A higher pIC50 value indicates a more potent drug, as it corresponds to a lower IC50 value.

### Molecular Toxicity Target Feature for 
Molecular toxicity refers to the harmful effects a chemical compound can have at the molecular level, such as disrupting proteins, damaging DNA, or causing cell death. The ClinTox dataset gathers toxicity data by identifying drugs that were FDA-approved (safe) from the SWEETLEAD database and those that failed clinical trials due to toxicity from ClinicalTrials.gov (AACT database). It provides binary toxicity labels to help machine learning models distinguish between safe and toxic compounds based on their molecular structure.
```toxicity_prediction (binary): Binary toxicity risk indicator (0 = Non-Toxic, 1 = Toxic)```


### Bioactivity Class
Molecular bioactivity encompasses the ability of a molecule to bind to a biological target. Understanding molecular bioactivity is crucial in drug discovery, as it is directly related to a compound's potential therapeutic effects or adverse effects. In this analysis, the bioactivity class is set by a user-defined threshold on the IC50, the potency of a compound in inhibiting a biological activity. 

- if ```IC50 <= bioactivity_class_active``` => bioactivity class = "active"
- else if ```IC50> bioactivity_class_inactive``` => bioactivity class = "inactive"
- else => bioactivity class = "intermediate"

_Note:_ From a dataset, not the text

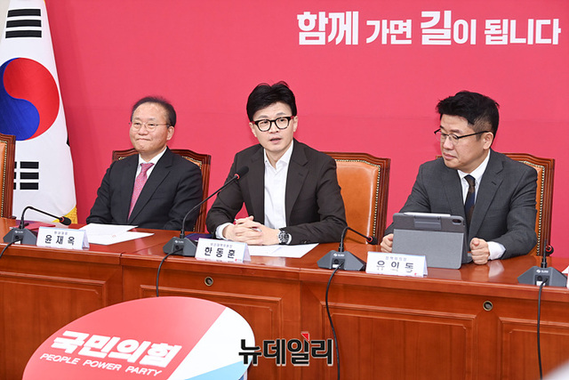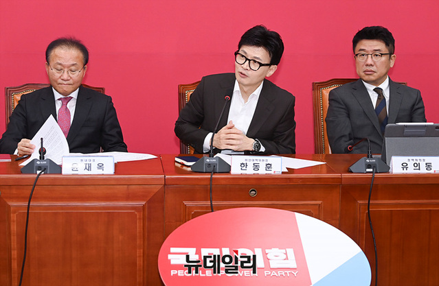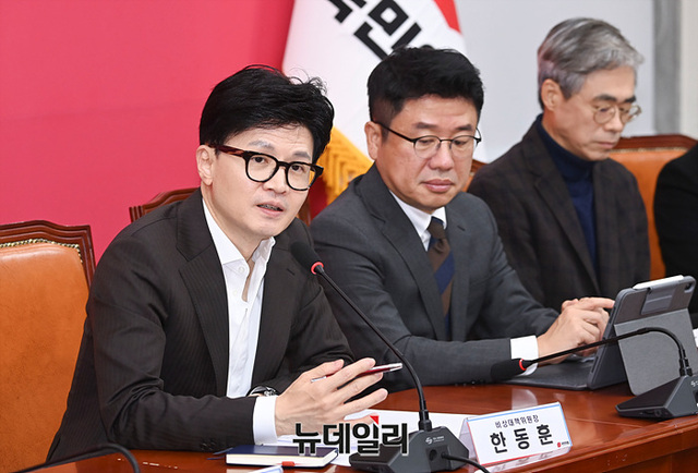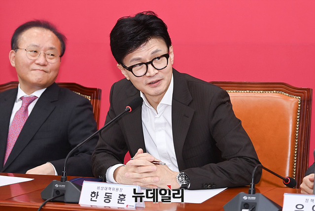 한동훈 국민의힘 비상대책위원장이 3일 오후 국회에서 열린 비상대책위원회의에서 발언하고 있다.

### Lipinski's Rule of Five 
The Lipinski descriptors, is a widely used guideline in medicinal chemistry and drug discovery for evaluating the drug-likeness of potential compounds. Such drug-likeness is based on the Absorption, Distribution, Metabolism and Excetion (ADME) also known as the pharmacokinetic profile. Dr. Christopher Lipinski formulated a simple set of rules to assess the likelihood of a compound to become an orally active drug with favorable pharmacokinetic properties.

The Lipinski descriptors focus on four key physicochemical properties of a compound:
1. The molecular weight of the compound should ideally be below 500 daltons. This guideline helps ensure that the compound can efficiently penetrate cell membranes and be absorbed by the body.
  ```Molecular weight < 500 Dalton```
2.  The calculated partition coefficient (LogP) should be less than 5. LogP is a measure of the compound's hydrophobicity, influencing its solubility and permeability.
  ```Octanol-water partition coefficient (LogP) < 5```
3. The number of hydrogen bond donor groups (such as hydroxyl or amino groups) should be less than or equal to 5. A high number of donors can affect oral bioavailability.
  ```Hydrogen bond donors <= 5```
4. The number of hydrogen bond acceptor groups (such as oxygen or nitrogen atoms) should be less than or equal to 10. A high number of acceptors can affect oral bioavailability.
  ```Hydrogen bond acceptors <= 10```
  
 **Note**  that Lipinski’s Rule is not an absolute predictor of a compound’s success. However, adhering to these guidelines increases the likelihood that a compound will possess favorable pharmacokinetic properties and can be efficiently absorbed, distributed, metabolized, and excreted in the body. However, it’s important to note that the Lipinski descriptors are just one aspect of compound evaluation, and other factors such as target specificity, toxicity, and therapeutic activity also play crucial roles in drug development.